Положил меня маме на грудь, прикрыл одеялом, и дальше я ничего не помню. До самого Зелёного Пыр-Пыра не помню. Потому что от тепла, сытости и покоя интеллект отшибает напрочь!

Мама рассказала, что врачи забегались, потужной период начался в коридоре на каталке, и роды молоденькая акушерка принимала. Ну как «принимала» – охала и ахала от страха, потому что только на днях из медучилища. В основном звала на помощь старших товарищей. А когда я в чудном радужном околоплодном пузыре появилась, она от ужаса не знала, что делать. Но тут мимо заведующий отделением пробегал. Хоть и без перчаток, но вовремя. Потому что моя мама всё-таки не коза и плодный пузырь вскрыть бы не догадалась. Потому что человек в иных вопросах соображает куда меньше животного. Юная акушерка на плакатах про рождение ничего такого не видела. А в учебниках было написано про «воды излились». Раньше ли, во время схваток, позже ли – во время потуг, – но излились. У мамы моей – не излились. Очень плотный был околоплодный пузырь. В крепкой меня родили «рубашке». Домотканной.

Через три дня нас с мамой выписали. Папа уже не был в ДНД и привёз распашонки, чепчики, розовые ленты и прочие девичьи глупости. Меня во всё это нарядили. Говорят, я орала густым басом. Я не помню ни факта ни причины, но уверена, что требовала нарядить меня в родную рубашку, а не запаковывать в праздничный торт.

Мама с папой вышли из родильного дома и решили поймать такси. Потому что ехать со свежим праздничным тортом в летнем одесском трамвае – негигиенично. Слева была улица Богатого, справа – улица Московская. Если стоять спиной к фасаду родильного дома. Если лицом, то справа – Богатого, слева – Московская. Движение по обеим улицами было двустороннее. Мама с папой покрутились-покрутились и пошли ловить такси на Московскую.

Меня никто не спросил, но результатом я довольна.

Я действительно счастлива. С тех самых пор, как родилась.

Хотя не единожды, слишком не единожды я попадала в ситуации, после которых если не панихида с эпитафией, то только и говорить: «Родилась в рубашке». Потому там, где другим полный швах – я в профите.
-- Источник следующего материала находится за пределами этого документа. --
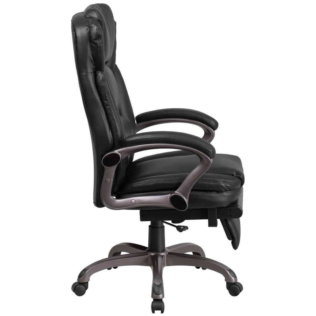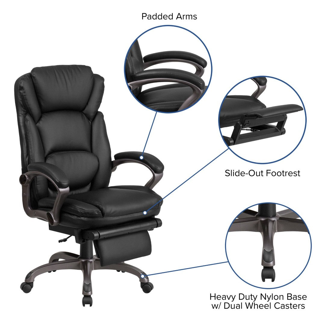 Give yourself the comfort and support needed to power through long workdays with this reclining executive office chair. Designed for both style and ergonomic performance, it combines a tall, padded profile with a built‑in headrest, outer lumbar cushion, and a slide‑out footrest so you can shift from focused work to relaxed recline in seconds. Durable LeatherSoft upholstery and adjustable tilt, height, and tension controls ensure personalized support throughout the day while a heavy‑duty base and smooth dual-wheel casters keep mobility and stability high.

Что я могу сказать? Только то, что это чистая правда.

Зелёный пыр-пыр

У него был совершенно очаровательный тембр. Драматический тенор с порочной хрипотцой.

Он взирал на меня с недосягаемой высоты. Я была слишком юна и ползала у его ног, с интересом поглядывая. Он отвечал мне взаимностью. Безо всяких этих глупых взрослых бесчувственных «ути-пути» и ненавистной, тошнотворной «козы рогатой», а как-то пристрастно-нежно и в то же время отрешённо-отстранённо. У него были свои дела, но он был частью моего мира. У меня тоже были свои дела, но и я была частью его мира.

Я ползала не совсем у его ног, потому что у него ног не было. Я ползала у ножек его столика. Но столик был – в моём сознании – интернированной сущностью этого загадочного существа. И поэтому совсем-совсем им. Нога, с точки зрения Аристотеля, интернированная сущность человека. И самостоятельной сущностью не станет, даже если её ампутировать. Сто раз очень и очень красивая нога не станет самостоятельным существом. Столик был бесподобным. Я не скажу, каким. Не опишу. Нечто бледно-серо-бирюзовое там, высоко, с изогнутыми подножиями. Видимо, это было чугунное литьё. Точнее сказать не могу. К тому моменту, как я смогла говорить точнее, столик выкинули. Печальная история. Я плакала, но мне было стыдно сказать почему. Из-за телефонного столика умные девочки не плачут. Из-за платья, или из-за куклы – сколько угодно, и это всем понятно. Но рыдать взахлёб из-за телефонного столика? Нонсенс. Мои родители считали меня очень странной девочкой. Но они бы устали меня считать, если бы знали, что я рыдала из-за телефонного столика.

А тот, кто восседал на столике, был не совсем зелёный. Скорее цвета морской волны. Но я тогда таких цветов не знала. И папа мой не знал. Потому что именно папа сказал мне, что объект моего пристального интереса – зелёный. О том, что он живой, – я догадалась сама. Когда он запел.

Папа подошёл, взял его за руку, приложил эту его единственную руку к своему уху и сказал:

– Аллё! Слушаю!

Почему-то когда папа сказал это, Зелёный Пыр-Пыр перестал петь.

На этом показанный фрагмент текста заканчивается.